Recently, while preparing to install a doorbell in my new house, I thought: why not let my doorbell tell me who is at the door?
The cost of most DIY projects I undertake tends to be higher than other equivalent products, even when I value my time at $0 per hour. I think this might be related to supply chain and economies of scale. However, I derive more enjoyment from the process of creating these things myself. In this project, I built a door camera that not only costs less than my Dropcam but also has some genuinely useful features that I have not seen on the market for some reason.

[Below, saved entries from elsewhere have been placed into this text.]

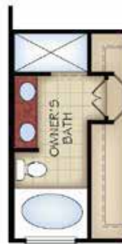
OPTIONAL OWNER'S BATH
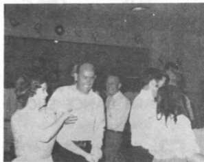
Swingin' Squares, Valentine Dance, Valdosta, Ga.
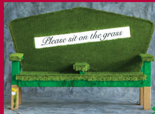
PLEASE SIT ON THE GRASS NINA BENTLEY SPONSORED BY HUDSON GRILLE
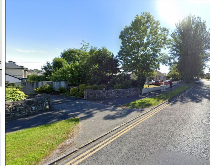
RESIDENTIAL AREA TO EAST SCREENED WITH EXISTING PLANTING
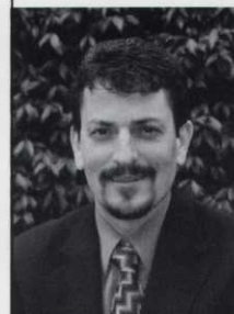
GCSANC Turfgrass Excellence Award (Private Category)
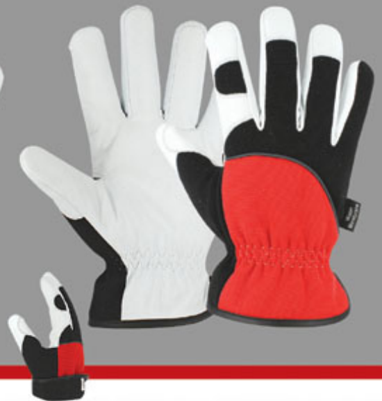
CG-612W M/O Goatskin Back Fourway Fabric With Reflector Piping & PU Binding Inside Micro Fleece Lining 40 Gram Thinsulate™ Lining With Wind Proof & Breathable Water-Membrane. Available In All Sizes & Colors. Available In Sheepskin, Cowhide & Buffalo.
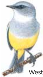
Western Yellow Robin

These roads lead through cleared agricultural land and Jarrah/Marri forest located to the north-east, between the Denmark-Mt. Barker Road and the South Coast Highway, approximately 6km to 10km from Denmark. Look out for Crested Pigeon, Western Yellow Robin, Varied Sittella, Grey Currawong and Rufous Songlark.
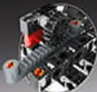
REAR AND FRONT STEERING

Figure 1: My front door has a doorbell, an August smart lock, and a Raspberry Pi for face recognition. Image courtesy of Lukas Biewald.
We will build a Raspberry Pi-based security camera device costing $60 to capture photos and upload them to the cloud for face recognition. You can also upload the data stream to Amazon S3, making it a complete Dropcam replacement. Nest charges $100 per year to save the last 10 days of video, but you can keep a year’s worth of video files in S3 for about $20. If you use Amazon Glacier, this cost can drop to around $4.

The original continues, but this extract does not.